The ::= keyword introduces the so-called weak binding, or closure, which has already been amply discussed in this document.

EXAMPLE

!Polygen

S ::= Fruit and Fruit ;

Fruit ::= an apple | a mango | an orange ;

PRODUCES

an apple and an apple
an apple and a mango
an apple and an orange
a mango and an apple
a mango and a mango
a mango and an orange
an orange and an apple
an orange and a mango
an orange and an orange

The production associated to Fruit does not undergo an immediate generation but is closed together with the current environment according to scoping rules. Each occurrence of the Fruit symbol in a descending environment (or in the same one, as in the example) causes the generation of the associated production in the environment that was closed with it.

Suspensions {#sec:suspensions}

The := keyword introduces a second kind of binding, known as strong binding, suspension or assignment.

EXAMPLE

!Polygen

S ::= Fruit and Fruit ;

Fruit := an apple | a mango | an orange ;

PRODUCES

an apple and an apple
a mango and a mango
an orange and an orange

The production associated to Fruit is suspendend and closed together with the current environment according to scoping rules. During generation, at the first occurrence of the Fruit symbol in a descending environment (or in the same one, as in the example) the associated production is generated just once in the environment that was closed with it, and the immutable result of its generation is stored in the environment; every successive occurrence of the same non terminal will always produce the same result.

Please note that during its first generation the non terminal is still associated to the closure of the environment where it's being generated, and not (yet) to its suspension: this allows the use of recursion in strong binding deinitions.

EXAMPLE

!Polygen

S ::= A A ;

A := a | a ^ A ;

PRODUCES

a a
aa aa
aaa aaa
aaaa aaaa

etc.

Environment and Scoping {#sec:environment-scoping}

The environment is the context and ensemble of bindings (see [@sec:binding]), i.e., of the associations between non terminal symbols and series of productions. The environment can be populated either by top-level bindings or by those introduced by scope constructs.

Top-Level Environment

All the various examples discussed so far dealt with bindings (of various types) introduced at the top-level of a source file, separated by the ; keyword. As we've already mentioned, similar bindings are introduced into the (empty) environment according to a relation of mutual recursion: every production bound to a non terminal can reference any non terminal symbol which is defined at the top-level, be it upsteam or downstream, including the one the production itself is bound to.

EXAMPLE

!Polygen

S ::= S | A | B | s ;

A ::= S | A | B | a ;

B :=  S | A | B | b ;

It's easy to imagine the powerful potentials offered by this sytem.

Local Envirnoments

Within a subproduction (of any type) it's possible to introduce new bindings with local visibility: the subproduction's body (which consists of a series of productions) can be preceded by a series of semicolon-separated bindings, where the last ; separates the last binding from the subproduction's main body.

EXAMPLE

!Polygen

S ::= \i am (X := Adj; Very ::= very [Very]; X ^ "," maybe Very X | definitely Very Adj) and Adj ;

Adj ::= handsome | nice ;

PRODUCES

I am handsome, maybe very handsome and nice
I am handsome, maybe very handsome and handsome
I am handsome, maybe very ... handsome and nice
I am handsome, maybe very ... handsome and handsome
I am nice, maybe very nice and handsome
I am nice, maybe very nice and nice
I am nice, maybe very ... nice and handsome
I am nice, maybe very ... nice and nice
I am definitely very handsome and nice
I am definitely very handsome and handsome
I am definitely very .. handsome and nice
I am definitely very .. handsome and handsome

The visibility (or scope) of the various non terminals in the above example is clear: X and Very are local to the subproduction that defines them, while Adj is used by both the subproduction's body as well as by the body of S.

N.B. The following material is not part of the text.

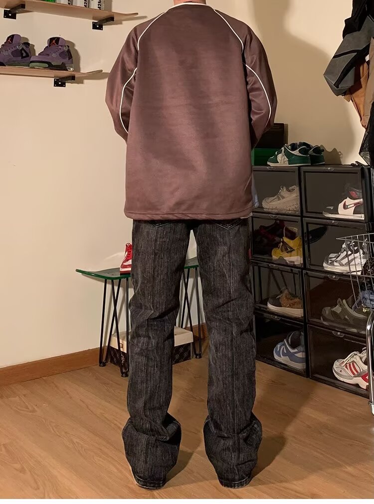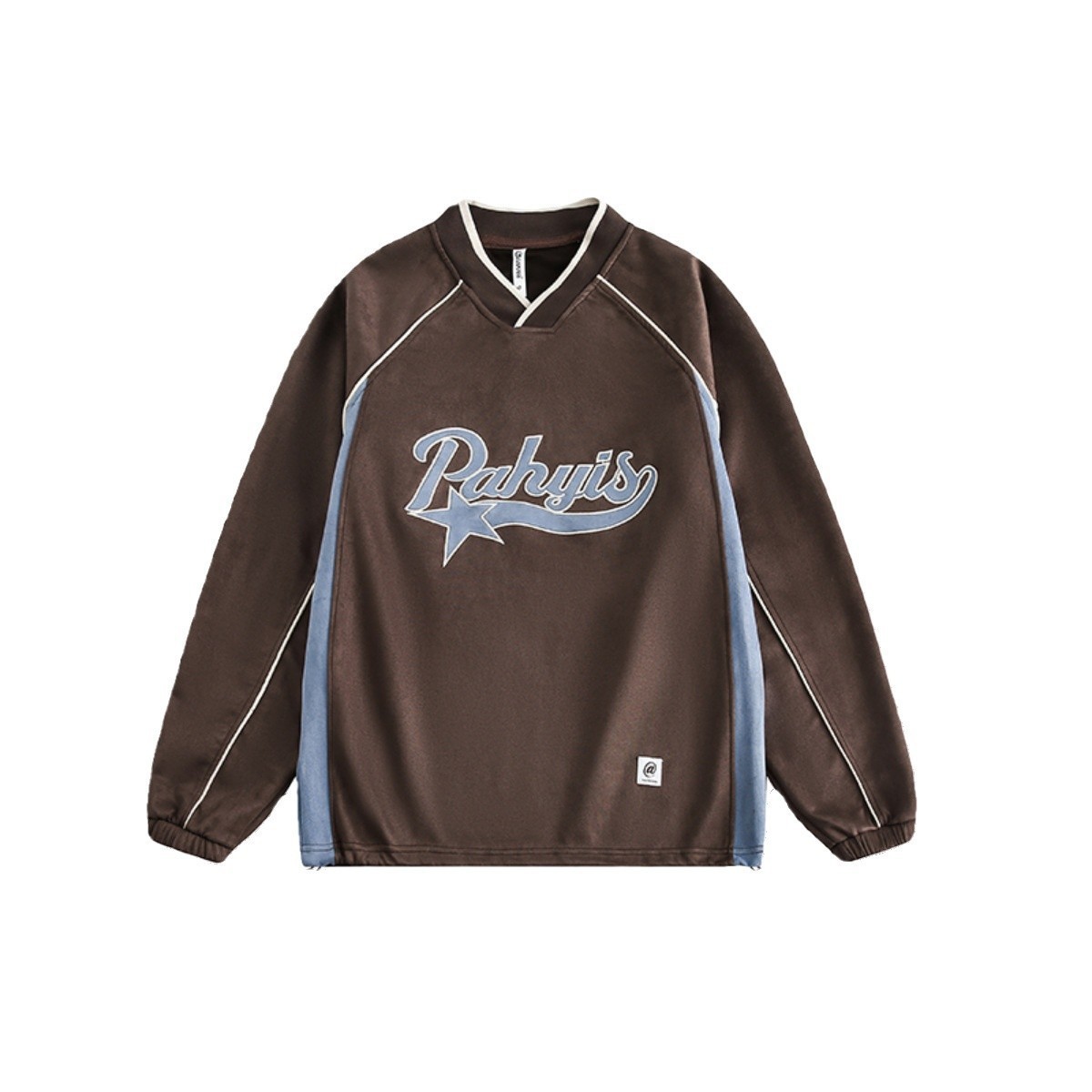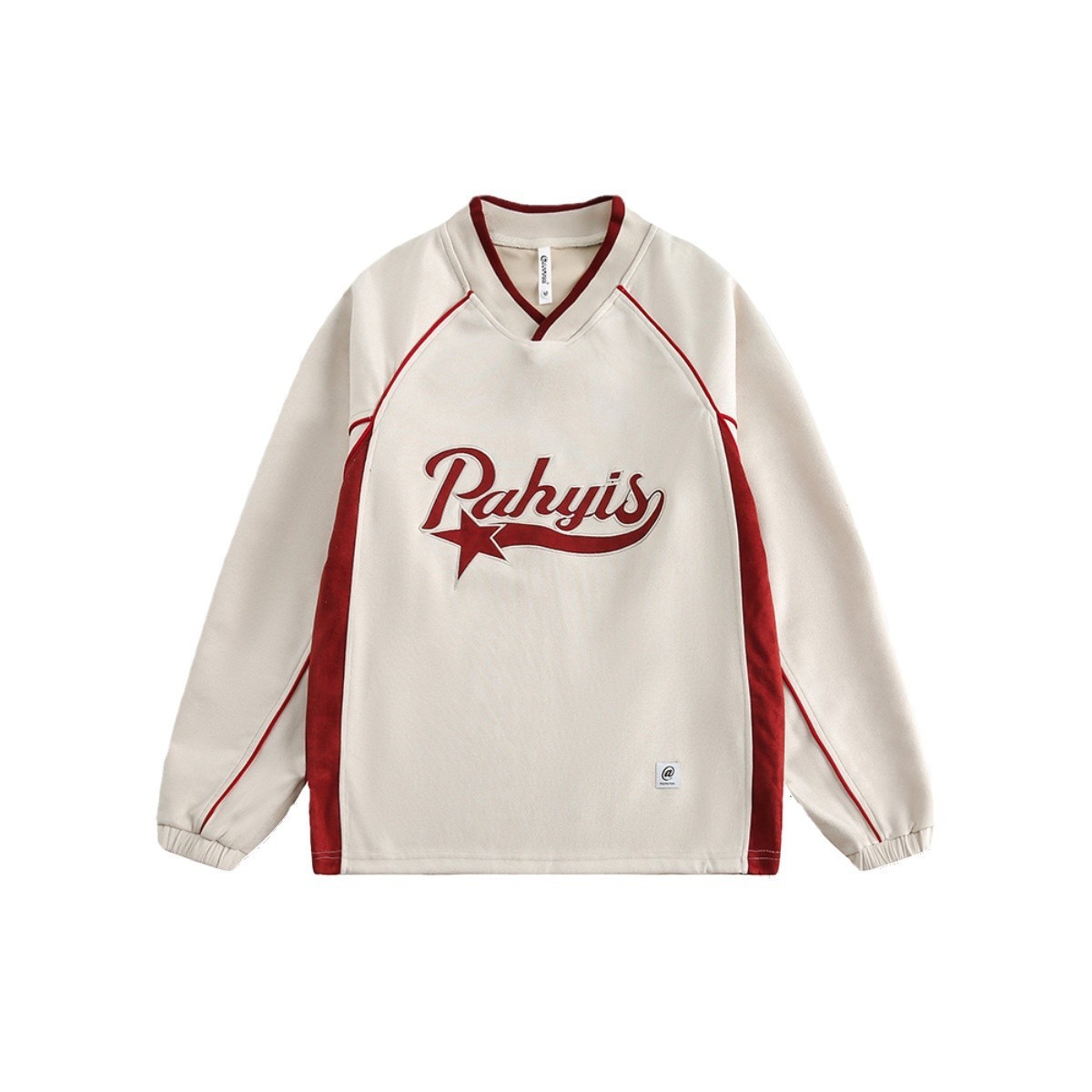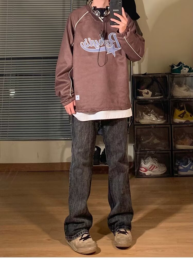 남성 가을 새로운 V 넥 탄성 허리 스웨터 실루엣 느슨한 편지 인쇄 컬러 매칭 캐주얼 탑 남성 패션스토어 가기

Pay close attention to how the scoping constructor is being used in conjuction with strong binding (see [@sec:suspensions]): symbol X is introduced locally, with the sole purpose of fixing the generation of Adj, which in the top-level environment is defined via a weak binding (see [@sec:closures]). The combined use of scopes with the various types of bindings is a powerful feature of the language, unleashing new possibilities for the engineering of grammars.

Also note that the above example doesn't rely on local bindings' mutual recursion, and that the same result could have been achieved by inserting 2 scopes:

EXAMPLE

!Polygen

S ::= \i am (X := Adj; (Very ::= very [Very]; X ^ "," maybe Very X | definitely Very Adj)) and Adj ;

Adj ::= handsome | nice ;

Nothing prevents a subproduction's body from being a subproduction itself: this allows populating the environment without creating a mutually recursive relation between the bindings.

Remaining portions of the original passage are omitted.